子供心を失わない大人であり続けたいと思います。

両眼でみる月

2005-01-17 22:08:10 | 天体観測
双眼装置を使って月を初めて観望した。冬型が強まってきたので、風が強くシーイングは最悪。ゆらゆらと像はゆれている。西にちょっと傾きかけた半月が寒い冬空にぽっかりと浮かんでいた。

82度のナグラーアイピースでは、60倍超の倍率であっても月全体がまだ視野に収まる。双眼装置の中に入っているプリズムのためにやや収差が大きくなって端の方にいくとニジミがちょっとでるが、それほど気になるということはない。
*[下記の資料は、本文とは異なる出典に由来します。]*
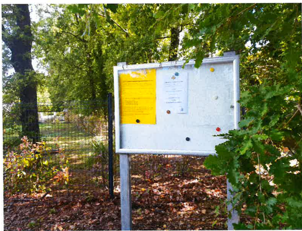
Chemin des Touars / Chemin des Adrechs : I
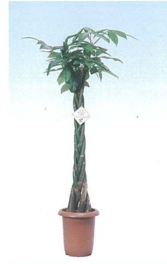
14 パキラ A E H
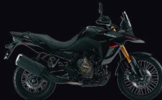
YVB: Glass Sparkle Black
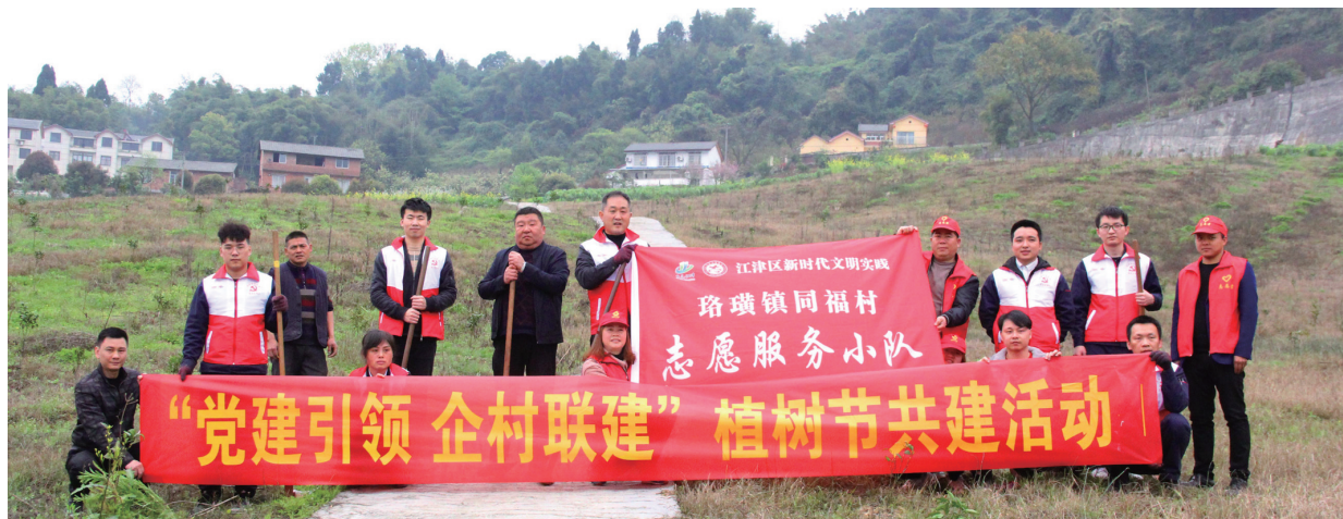
重庆三峡电线电缆科技股份有限公司同路镇同福村开展植树节共建活动
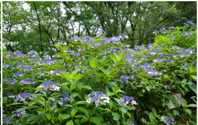
あじさい園の道（両側にあじさい）
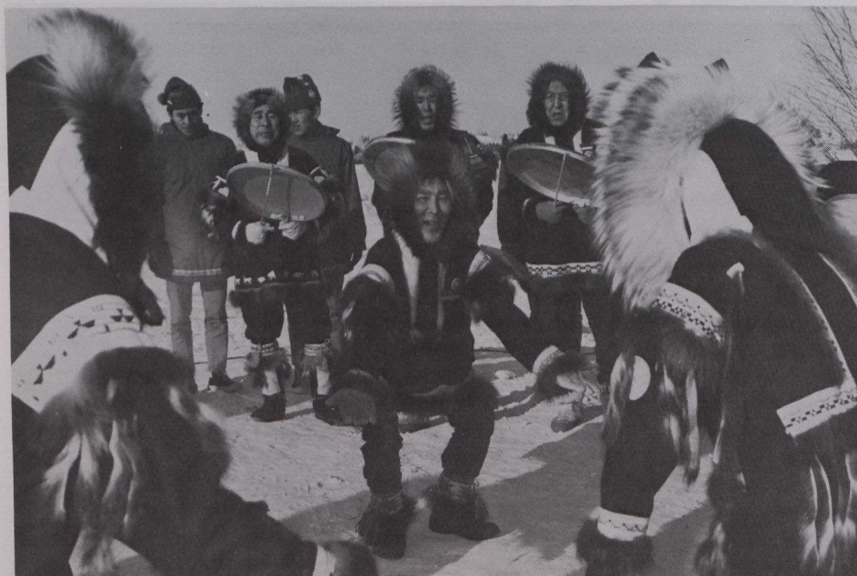
Lors du Folk on the Rocks, à Yellowknife (Territoires du Nord-Ouest), la danse du tambour fait partie des activités des Jeux d'hiver de l'Arctique.
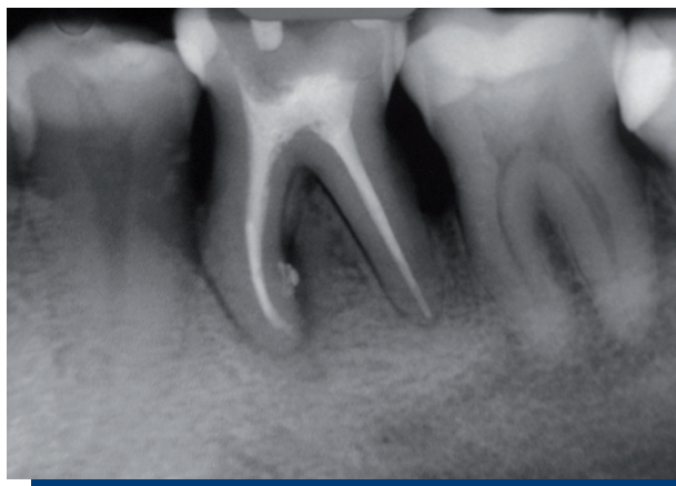
Figura 4. Control a los tres meses.

Al control de los tres meses, clínicamente la paciente se encuentra asintomática y la pieza dentaria ya no presenta movilidad, ni sacos periodontales, ni sangramiento al sondaje periodontal. Radiográficamente se puede observar que la lesión remitió casi en su totalidad, siendo esto una señal de reparación (Figura 4).
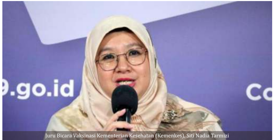
Juru Bicara Vaksinasi Kementerian Kesehatan (Kemenkes), Siti Nadia Tarmizi

Tercatat pada hari ini, Minggu (3/1) ada penambahan kasus positif sebanyak 6.877 orang. Dengan tambahan itu kini jumlah kasus positif mencapai 765.350 orang. Selain mengumumkan jumlah kasus positif, Kemenkes juga mengumumkan ada tambahan pasien sembuh sebanyak 6.419 orang. Sehingga kini total pasien sembuh ada 631.937 orang. Kemenkes juga memperbaharui data pasien meninggal akibat COVID-19. Hari ini ada tambahan 174 pasien
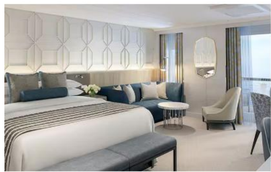
PENTHOUSE SUITE (41 SQM.)
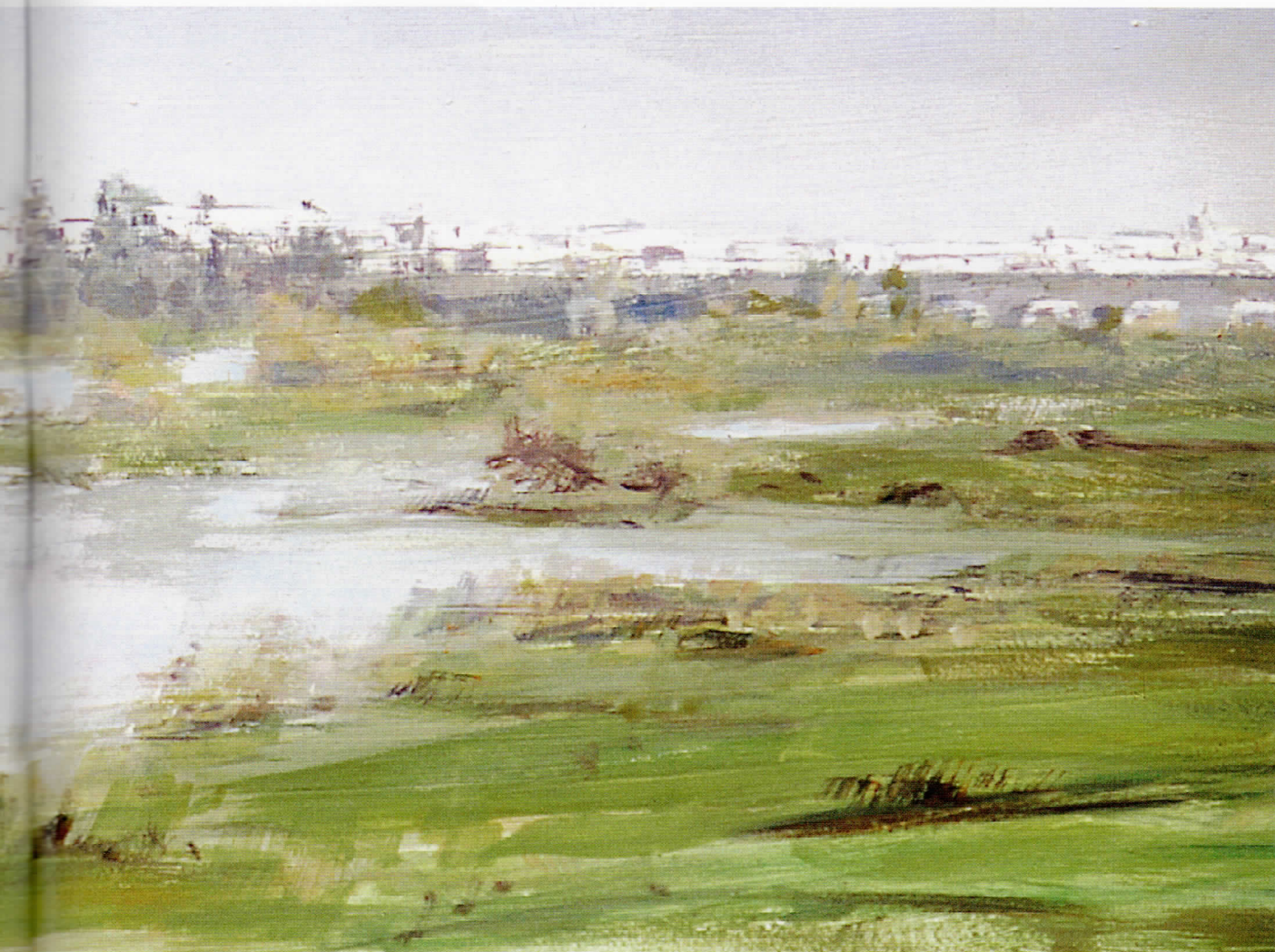
POR CÓRDOBA EL OUED-EL-K'BIR Óleo/tabla • 73 x 27 cm.

両目で見た月は、片目のときに比べるととても「頭に入りやすい」感じがする。片目(右)で見たときは、一つ一つの地形の特徴を噛んで含めるように頭に入力してからスケッチしたが、両目で見ると全体の形がスッと理解できる。右目だけで見ているときは、実際には82度もの視野があるので、相当広範囲な部分を見ているにもかかわらず、頭は意識が向いているほんのわずかな領域しか認識できなかった。しかし、両目で見る月面は広がりを持った広大な領域の中にいろんな特徴的な構造がみえるのだ。

もちろん、片目でみたときよりも顔の筋肉が緊張しない分リラックスして楽に観望を楽しめたことは当然だ。

右目は左の脳へ入力され、左目は右の脳へ入力されると言う。右目だけで見ると、細かい地形の分析はできるけど全体を把握することが難しいし、左目だけでみると見えているのに地形の特徴を言語化できない。そして両目で見ると、それらが統合されて認識されている。まさに教科書通りの実験結果が得られたわけだ。

以前スケッチした場所を今度両目でスケッチして比べてみよう。多分、大分違ったものになるだろう。意識としては、月の地形なんてどうやってみても同じなはずなのに、どっちの眼で見るかということが、ものの認識に大きな影響を与えるなんて、すごく面白いと思う。月の地形の実相を私たちは知ることが出来ない。眼という器官を通して意識の中にイメージからそれを想像するしかない。